The Boston Municipal Research Bureau has been looking over the shoulders of city officials for 87 years now. For more than half of those years Sam Tyler, who retires this week as its executive director, has been a part of the effort, leading the bureau for the last 36 years.
It seems impossible to imagine the city without Tyler being part of the ongoing debate — over taxes and revenue sources, personnel, schools, and union contracts — and what they net for residents and taxpayers. Those issues and countless others have all been part of his weighty municipal portfolio.
Tyler, 72, has made the research bureau into a critical combination of fiscal watchdog and conscience — never losing sight of the balance sheet, but also never forgetting that every city is only as good as the moral compass that guides it.
Under Tyler, the bureau did impeccable research, perhaps telling taxpayers more than they ever wanted to know about the city’s own budget-busters —
its pension system and health care costs. That knowledge became the basis for reforms that several decades ago would have seemed impossible.
He has led the bureau under the administrations of four very different mayors, starting with Kevin White, operating at a time when White himself came under federal investigation and a number of city employees went to prison. Subsequent mayors – Ray Flynn, Tom Menino and, today, Marty Walsh – all came to acknowledge – however grudgingly at times – that Tyler could be depended on to offer straight-up data-driven advice.
Tyler’s hand can be seen in the bureau’s annual Henry L. Shattuck Public Service Awards, named for a former bureau chairman, which for the past 33 years has celebrated the work of largely unsung heroes. Last year’s recipients included a school lunch monitor, an architect, a custodian, and a police officer. The awards are an extension of Tyler’s deeply rooted belief that public service is indeed a calling.

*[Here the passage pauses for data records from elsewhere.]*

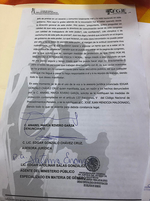 ZACATECAS. Luego de las acusaciones del diputado perredista José Juan Mendoza Maldonado, originario de Río Grande, Zacatecas, en contra de la directora de Comunicación Social de la LXIII (63) Legislatura del Estado, Anabel Rivero Garza, ésta denunció al representante popular y, asimismo, renunció a su cargo.
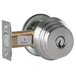 Grade 2 Single Cylinder Deadbolt, Keyed Outside/Thumbturn Inside, 6-Pin Cylinder, 12-288 Latch, 10-094 Strike, 1-3/8" - 1-7/8" Door Thickness, Satin Chrome Finish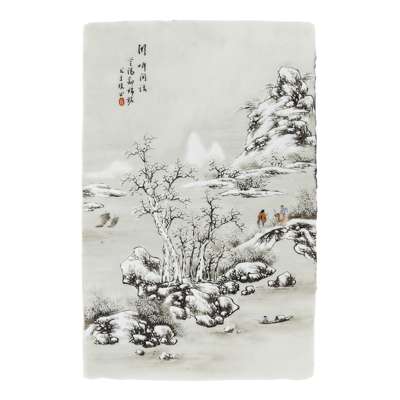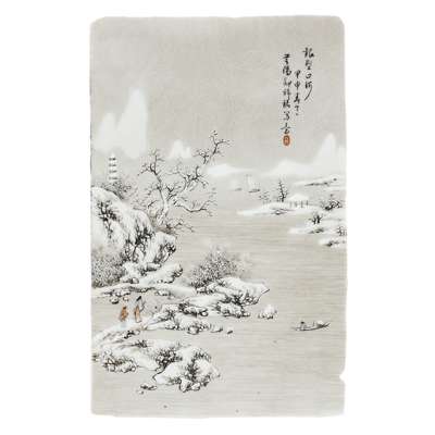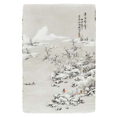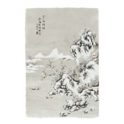 depicting figures on the shores of a lake, one with pavilions, all within a winter landscape with mountains and clouds in the background (4)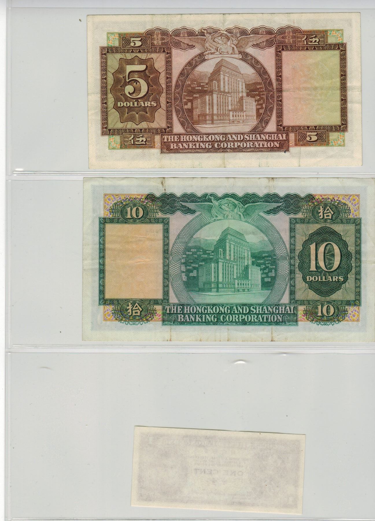 HONG KONG BANK NOTES - Lot of 3 - 1 Cent - 5 Dollars (1969) - 10 Dollars (1969)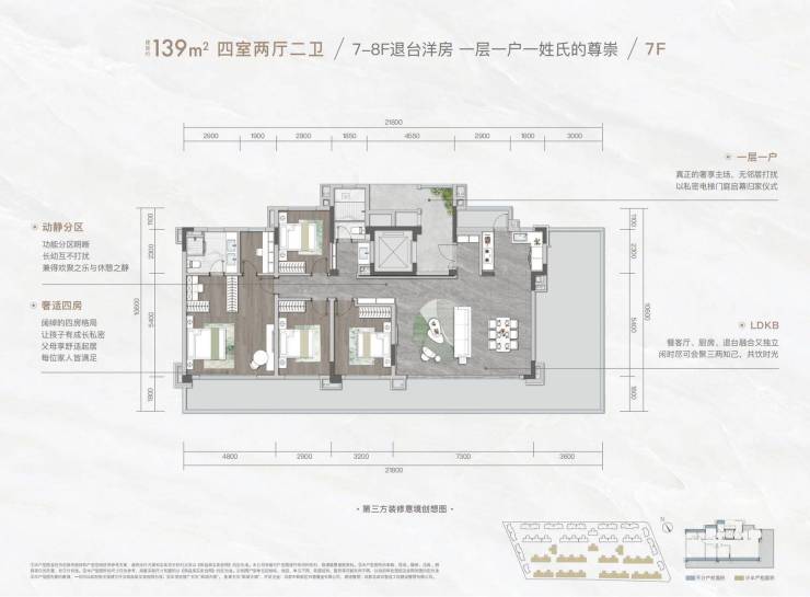 七楼139平实得面积290㎡,屋顶花园150㎡;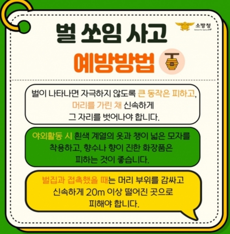 벌 쏘임 사고는 벌의 활동이 왕성한 7~8월에 많이 발생하여 실외 작업이나, 등산, 벌초 시 사고 빈도가 높다. 벌에 쏘이게 되면 심각한 알레르기 반응을 일으켜 생명을 위협할 수 있어 시민들은 야외활동 시 각별한 주의가 필요하다.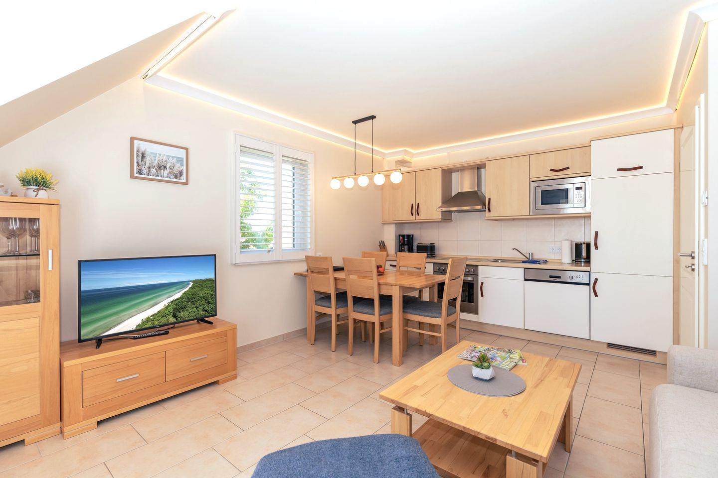 Die offene Küche beinhaltet eine voll ausgestattete Einbauküchenzeile mit 4-Platten-Ceran-Kochfeld, Backofen, Dunstabzug, Mikrowelle, Kühlschrank mit Gefrierfach, Geschirr-spülmaschine, Kaffeemaschine, Wasserkocher und Toaster. Die Küche ist mit Geschirr, Gläsern, Besteck und Töpfen bestens und ausreichend ausgestattet.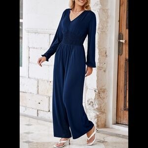Brand new without tags women’s size L navy blue V neck long sleeve wide leg jumpsuit romper with pockets. Features long sleeve with elastic cuffs, V-Neck, high smocked waist, two side pockets and a loose fit. Made of lightweight and soft material that is very flexible and breathable. 65%Polyester+30%Viscose+5%Elastane
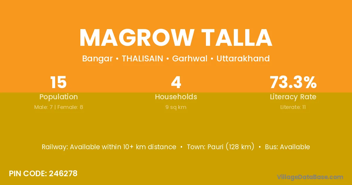 Pauri (128 km) is the nearest town to Magrow Talla village for major economic activities and is located approximately 128 km away.
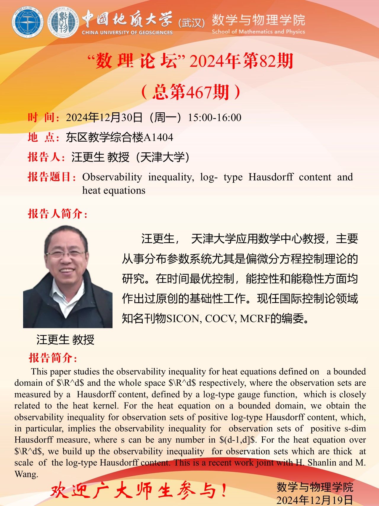 2024年12月30日汪更生教授学术讲座:Observability inequality, log- type Hausdorff content and heat equations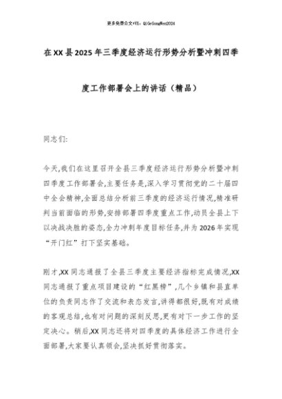 【七哥公文】2025年:在XX县2025年三季度经济运行形势分析暨冲刺四季度工作部署会上的讲话(精品)_副本+更多免费公文+VX:QiGeGongWen2024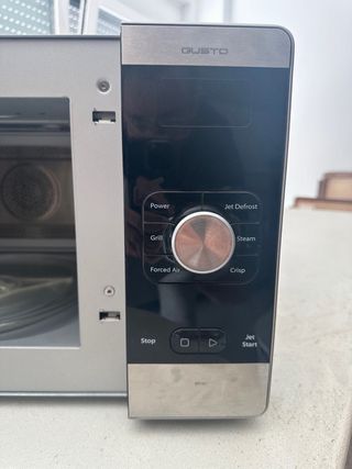 Panel de control para microondas en buen estado. - Incluye panel de control con funciones de microondas, grill, descongelación y convección. - Dispone de menú automático con varias opciones de cocción. - Cuenta con temporizador y selector de peso. - El panel presenta algunas marcas superficiales de uso.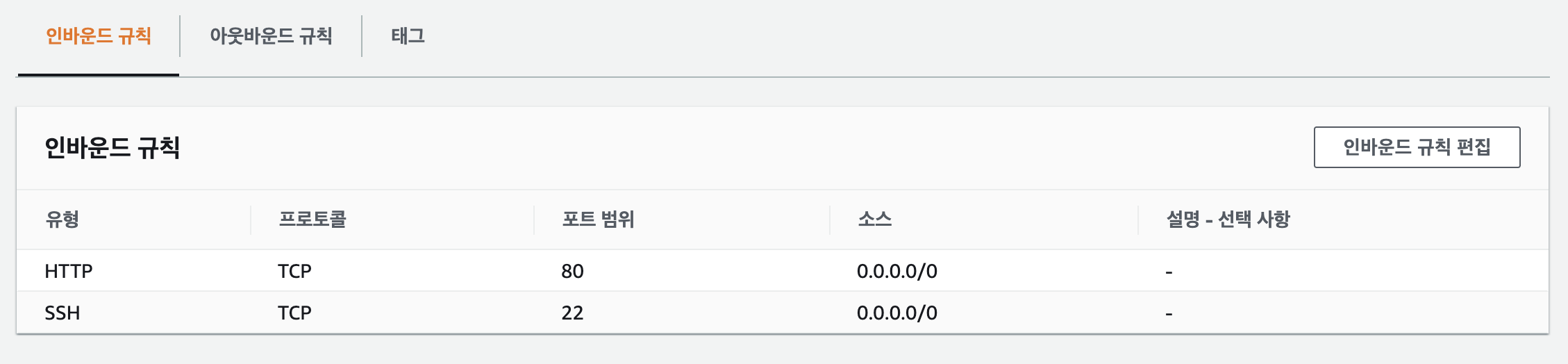 - 아웃바운드 규칙 : ec2에서 외부로 접속하는 것(모두 열어두기)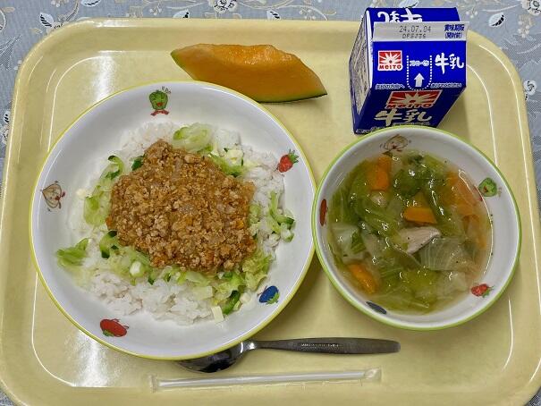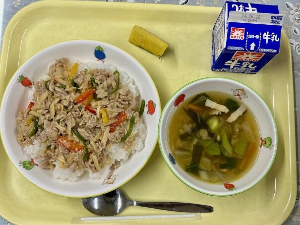 チンジャオロース丼、わかめスープ、パイナップル、牛乳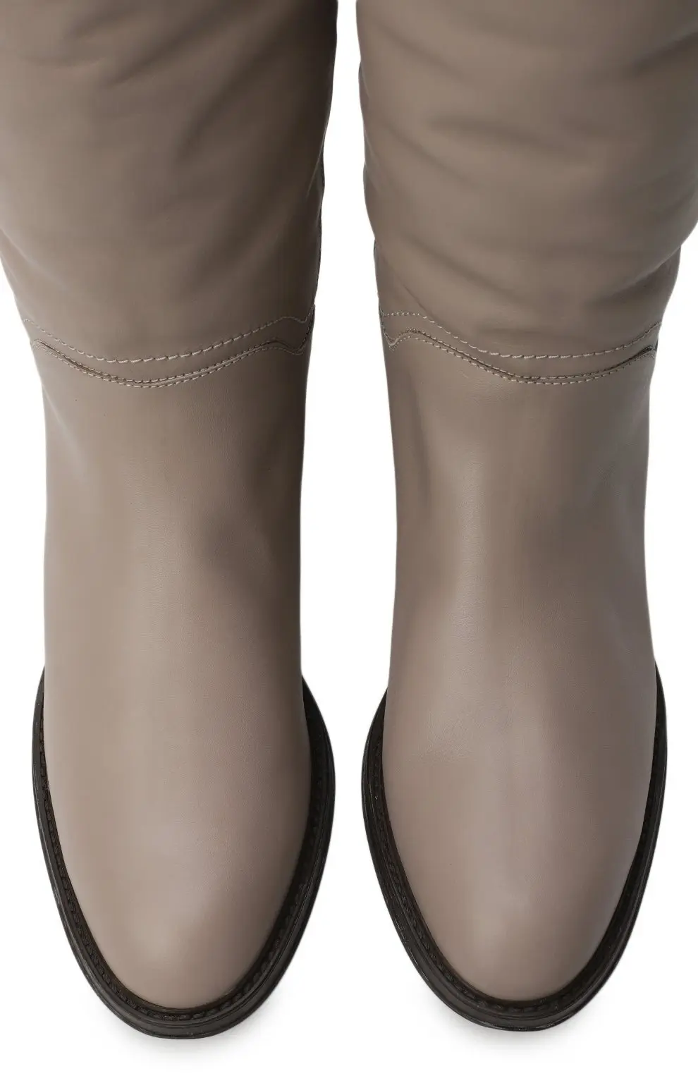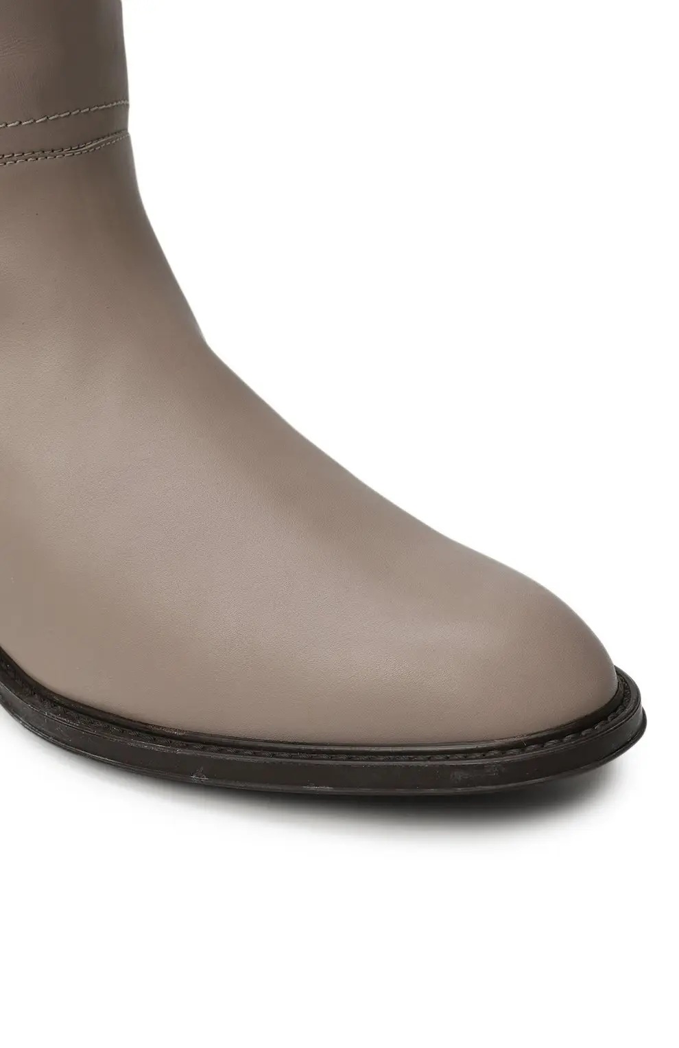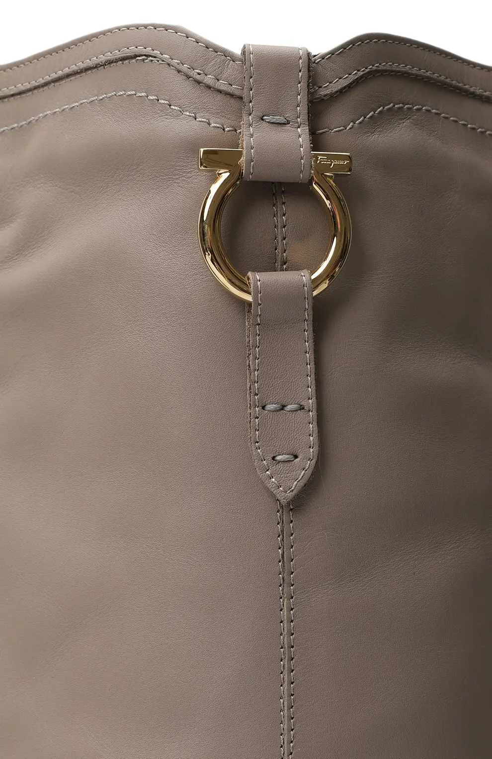 Сапоги Salvatore Ferragamo из мягкой кожи светло-бежевого оттенка. Лаконичный силуэт с невысоким каблуком дополняет элегантная деталь — фирменное кольцо Gancini в золотистом тоне, отражающее утончённую эстетику бренда.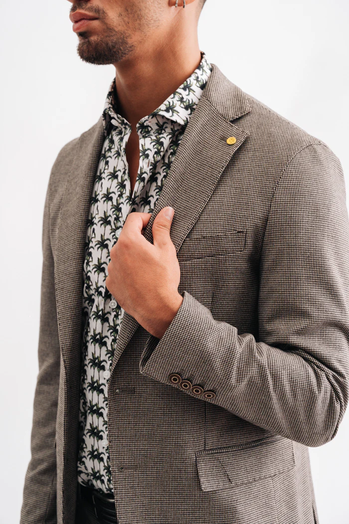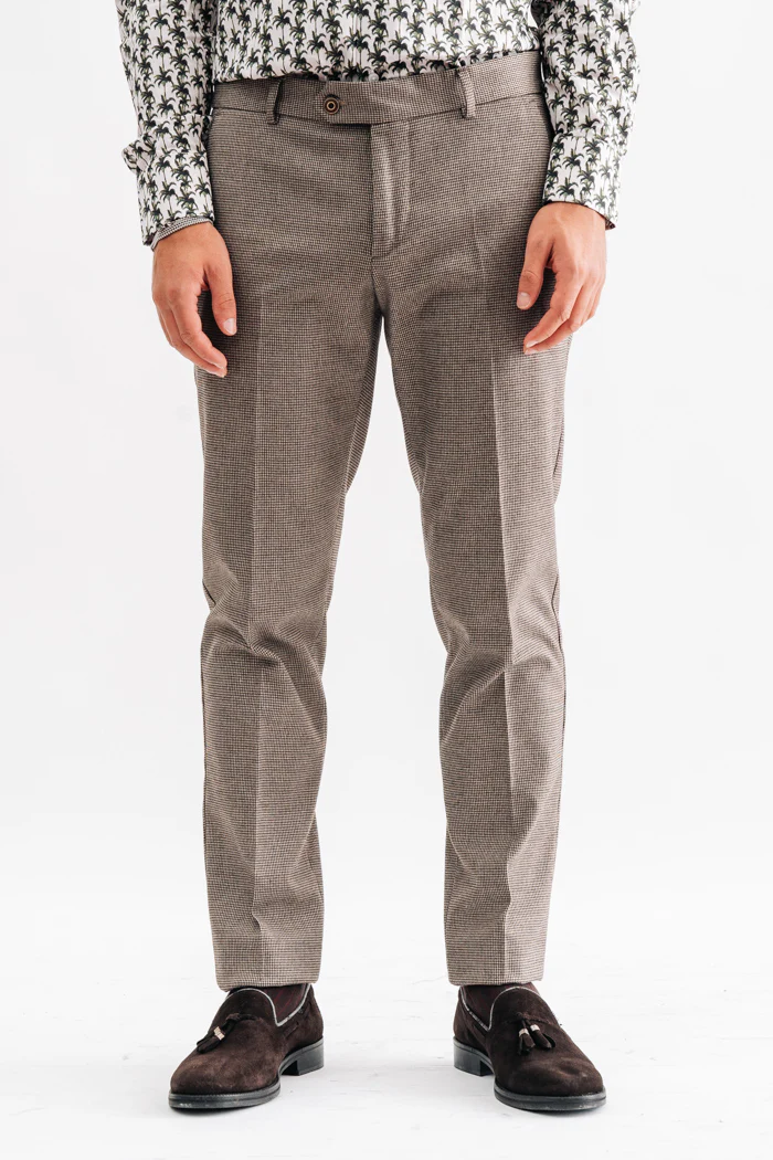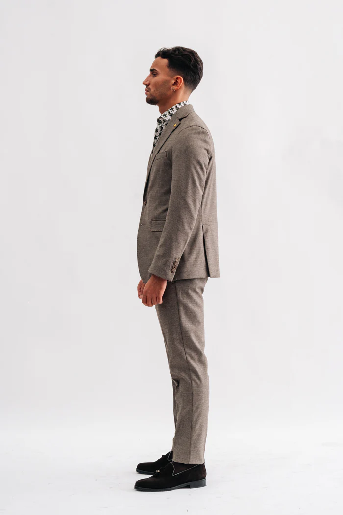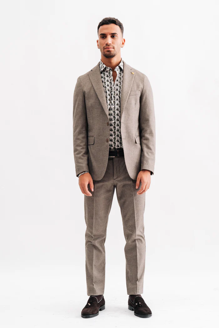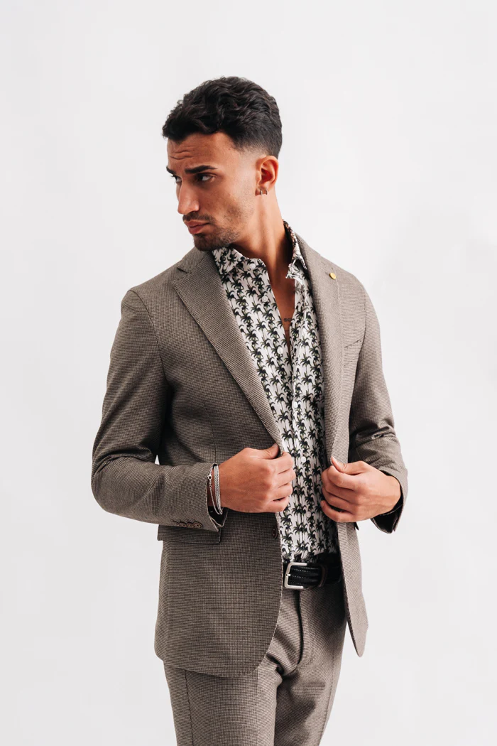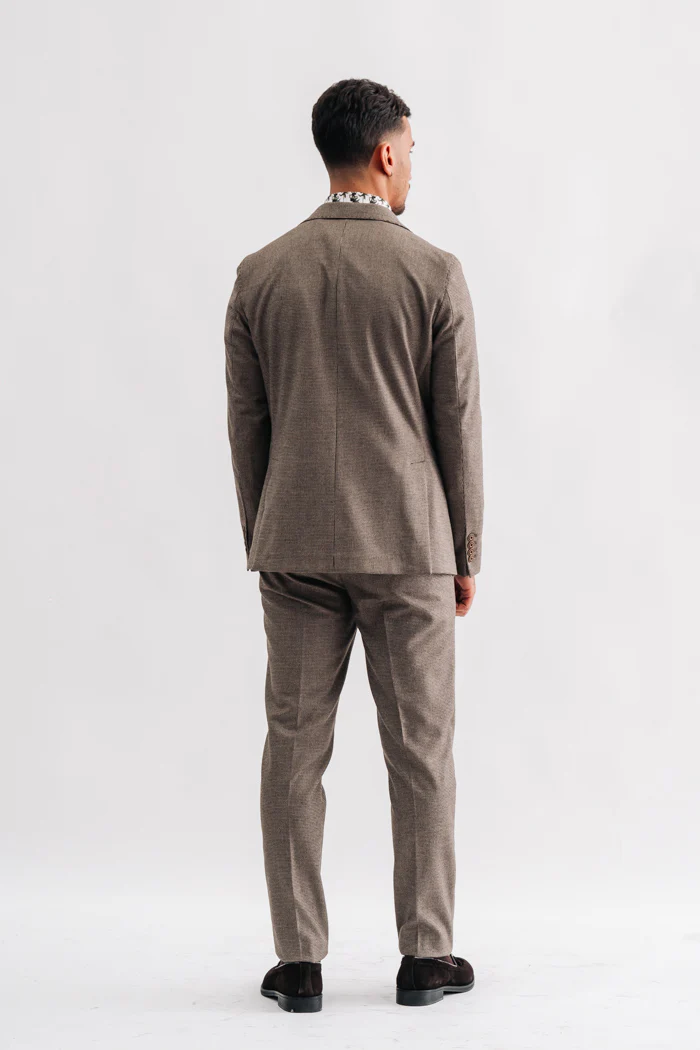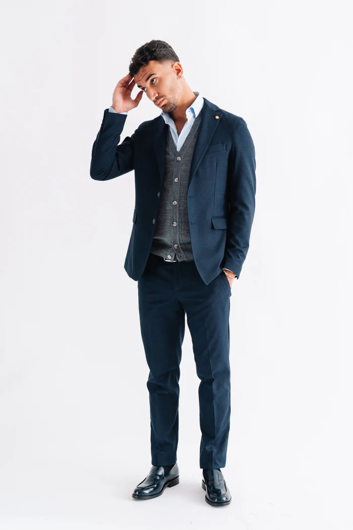 Abito disegno pied de poule Chiusura a 2 bottoni Tasche a pattina e taschino su petto a sinistra. Bavero classico, con occhiello a sinistra. Polsino con quattro bottoni e asole aperte, doppio spacco sul retro. Interamente sfoderato all’interno Pantalone disegno pied de poule, taglio regular fit Chiusura con cerniera nascosta da patta e bottone Due […]

One of the many issues on which Tyler has been a passionate advocate is preserving Boston’s mayoral-appointed School Committee, a move he championed in the early ’90s, fought for again when it went on the ballot in 1996, and remains committed to now.
Tyler is one of those rare individuals who managed to dodge Boston’s notorious tribal wars, earning the respect of business and political leaders alike. His is a template that would-be civic leaders would be wise to emulate, and that’s the best kind of legacy.